Segment Start: SUPPLIED INFORMATION

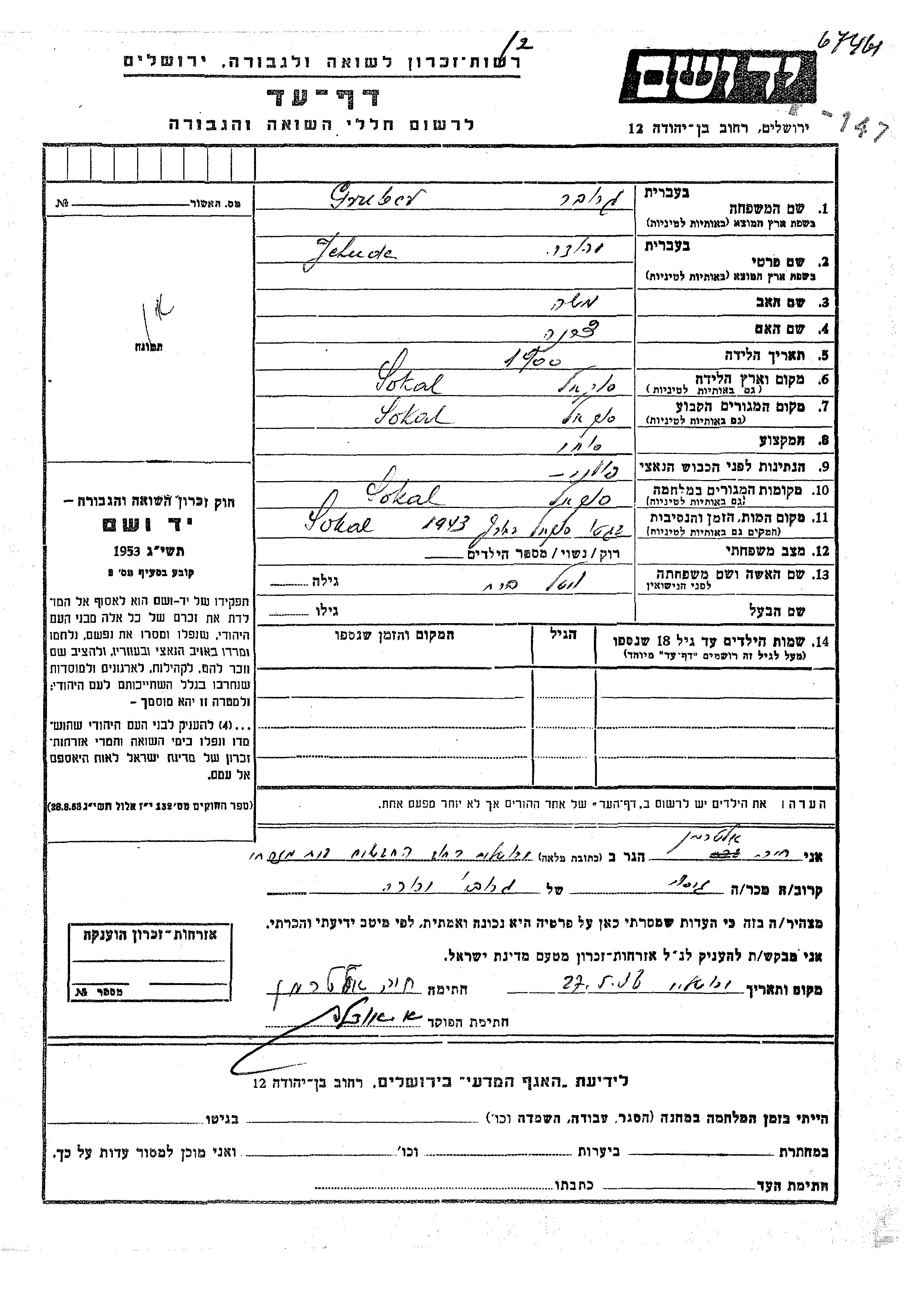 Yehude Gruber est né à Sokal, Pologne en 1900, fils de Moshe et de Charna. Il était Commerçant/e. Avant la seconde guerre mondiale il vivait à Sokal, Pologne. Au cours de la guerre, il était à Sokal, Pologne.
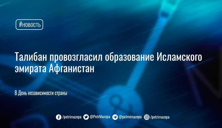Боевики движения «Талибан» 19 августа провозгласили образование Исламского эмирата Афганистан. Это название они уже использовали ранее, в период с 1996 по 2001 год.
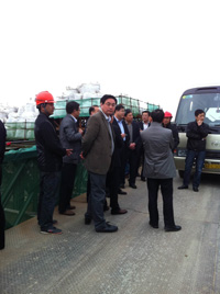 2013年4月22日下午三时许,市委副书记、市长陈晓东在市纪委书记蔡忠、副市长陈万圣、市政府党组成员万维庆及交通局主管领导的陪同下视察了路翔企业丁磨线西延工程项目现场。当了解到这项重点工程是由我们如皋本地的施工企业承建时,陈市长非常高兴。接着,陈市长又向项目经理许银华详细了解了项目进展情况:如港公路至新204国道段,已完成水稳施工;从马塘加油站至如港公路段沥青上面层摊铺已完成80%以上、4月底可全面完成;如海河大桥正在进行上部结构施工。陈市长重点询问了如海河大桥的施工进展情况,并对道路施工做出了指示,要求不必急于摊铺沥青面层,可以让水稳基层充分成型,勉励项目部人员继续好中求稳、好中求快,在确保安全和质量的前提下,抓住时间节点,加快在建工程的建设速度。
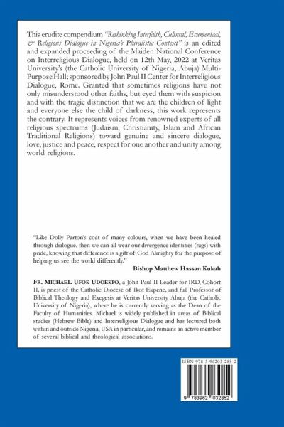 This erudite compendium "Rethinking Interfaith, Cultural, Ecumenical, and Religious Dialogue in Nigeria's Pluralistic Context," is an edited and expanded proceeding of the Maiden National Conference on Interreligious Dialogue, held on 12th May, 2022 at Veritas University's (the Catholic University of Nigeria, Abuja) Multi-Purpose Hall; sponsored by John Paul II Center for Interreligious Dialogue, Rome. Granted that sometimes religions have not only misunderstood other faiths, but eyed them with suspicion and with the tragic distinction that we are the children of light and everyone else the child of darkness, this work represents the contrary. It represents voices from renowned experts of all religious spectrums (Judaism, Christianity, Islam and African Traditional Religions) toward genuine and sincere dialogue, love, justice and peace, respect for one another and unity among world religions.-Fr. Prof. Michael Ufok UdoekpoVeritas University, Abuja"Like Dolly Parton's coat of manycolours, when we have been healed through dialogue, then we can all wear our divergence identities (rags) with pride, knowing that difference is a gift of God Almighty for the purpose of helping us see the world differently."-Bishop Matthew Hassan Kukah
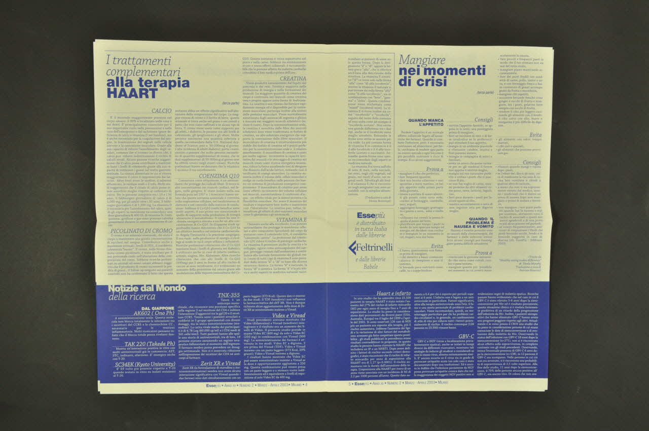 Essepiù / Anno XII . Numero 2 . Marzo - Aprile 2003 . ASA . Associazione Solidarietà AIDS . Milano / Ricordando gli amici / rinnoviamo il nostro impegno / San Vittore : / Grandezza e miseria / di un pezzo / di Milano / In questo / numero / LE RAGIONI / DEI COMPORTAMENTI / A RISCHIO / LA REALTA / DEL CARCERE / DI SAN VITTORE / I TRATTAMENTI / COMPLEMENTARI / ALLA TERAPIA / HAART / Essepiù / Bimestrale dell'ASA / Associazione Solidarietà AIDS (Sur toute la page.), sur la couvertureTexte
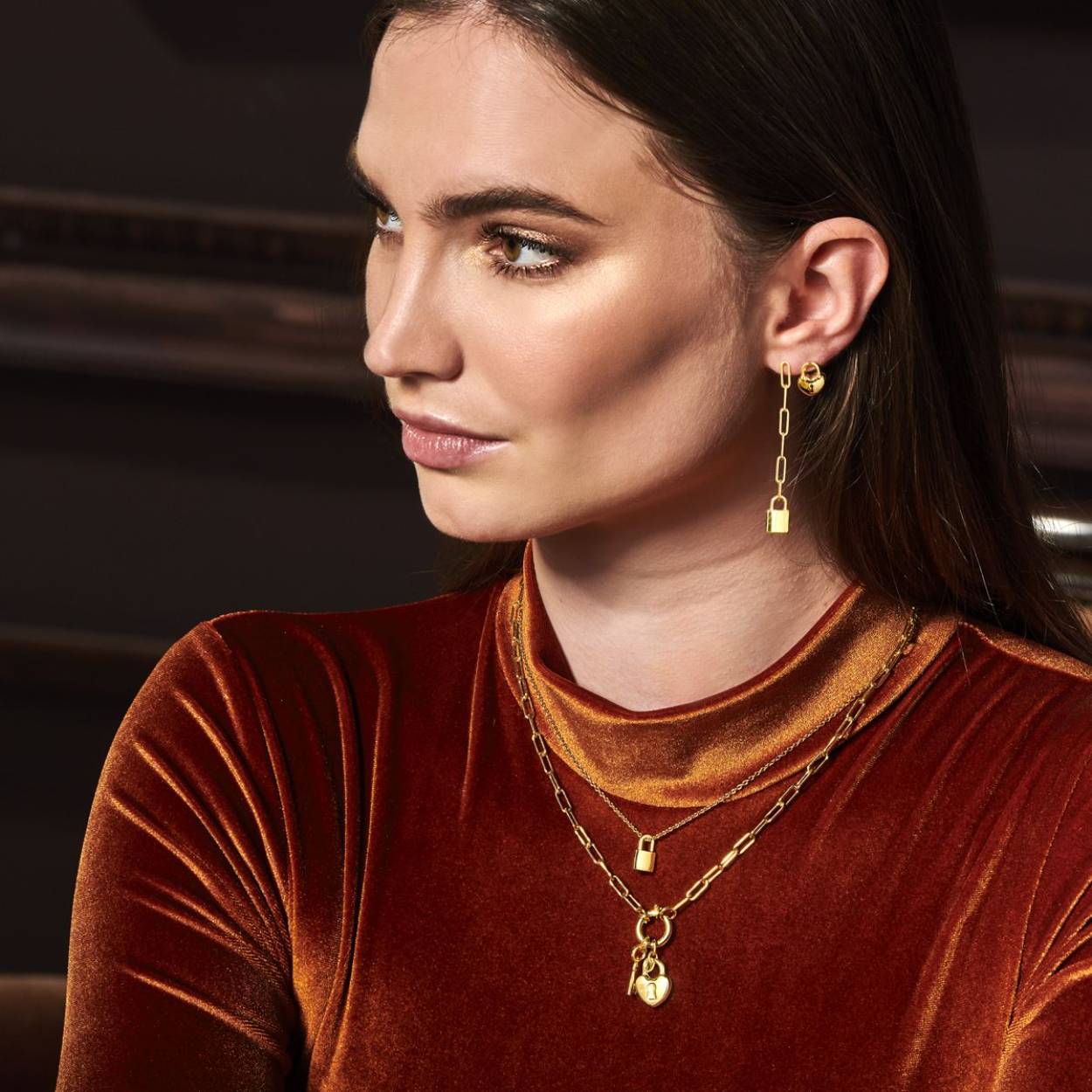 Geelgoud op 925 zilveren anker collier uitgevoerd met een hanger in de vorm van een slotje. Geen garantie op plating.
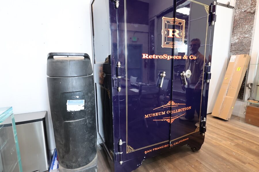 ロサンゼルスはコロナ禍になって以来、訪ねていませんでした。その後、ビンテージ・アンティークアイウェアのコレクションの状態がどのように変化しているか知りたくて、「RetroSpecs」の本拠地に行きました。代表のJayは30年以上の付き合いです。お互い、若い頃から関係が始まり、「グローブスペックス」の創業時にはJayとSelimaが「軌道に乗るまで商品の支払いはしなくて良いよ」と言ってくれたので、「グローブスペックス」は初めの大変な時期を乗り越えられたんです。Jayも「グローブスペックス」にとって恩人なのです。
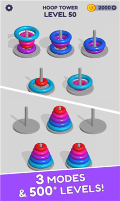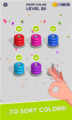 快乐叠圈圈是一款趣味的叠圈闯关的益智游戏,不断的调整圈上的颜色以及位置,里面还能进行关卡的设置,游戏的玩法简单,可在这里进行各种的关卡的选择,随着关卡的递增,难度系数也会随之增加,玩家还能在这里进行经验值的累积,解锁到各种辅助自己闯关成功的道具哦。
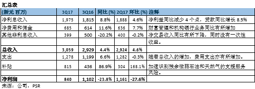 由于NPA被积极追认和净补贴的支出,我们将2017财年的净收入增长调整至3.1%,与管理层的意见一致。 我们2017财政年度的净收入增长预测为20.5%。随着清理尽可能多的石油和天然气风险,2017年四季度的专项准备金可能继续有所提高。尽管如此,这将为2018财年的总信贷成本低于27个基点的全周期水平铺平道路。今年和明年的潜在贷款增长率为7%-8%,高于今年初的中个位数百分比的指导意见。总的来说,我们认为这一举措,将扫除石油和天然气的风险,为2018财年预备一个更为强劲的业绩前景。
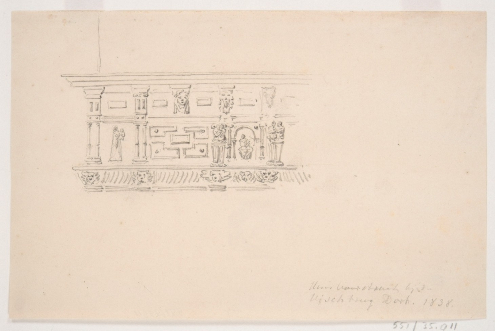 Voorstraat bij de Visbrug; eikenhouten schoorsteenkap, begin XVIIe eeuw

Segment End: SUPPLIED INFORMATION

[INSTRUCTIONS FOR THE TASK]
Please restate exactly the lines from the one containing "快乐叠圈圈是一款趣味的叠圈闯" down to the end of the material, both ends kept, and do not include the pictures.

[SOLUTION FOR THIS TASK]
 快乐叠圈圈是一款趣味的叠圈闯关的益智游戏,不断的调整圈上的颜色以及位置,里面还能进行关卡的设置,游戏的玩法简单,可在这里进行各种的关卡的选择,随着关卡的递增,难度系数也会随之增加,玩家还能在这里进行经验值的累积,解锁到各种辅助自己闯关成功的道具哦。
 由于NPA被积极追认和净补贴的支出,我们将2017财年的净收入增长调整至3.1%,与管理层的意见一致。 我们2017财政年度的净收入增长预测为20.5%。随着清理尽可能多的石油和天然气风险,2017年四季度的专项准备金可能继续有所提高。尽管如此,这将为2018财年的总信贷成本低于27个基点的全周期水平铺平道路。今年和明年的潜在贷款增长率为7%-8%,高于今年初的中个位数百分比的指导意见。总的来说,我们认为这一举措,将扫除石油和天然气的风险,为2018财年预备一个更为强劲的业绩前景。
 Voorstraat bij de Visbrug; eikenhouten schoorsteenkap, begin XVIIe eeuw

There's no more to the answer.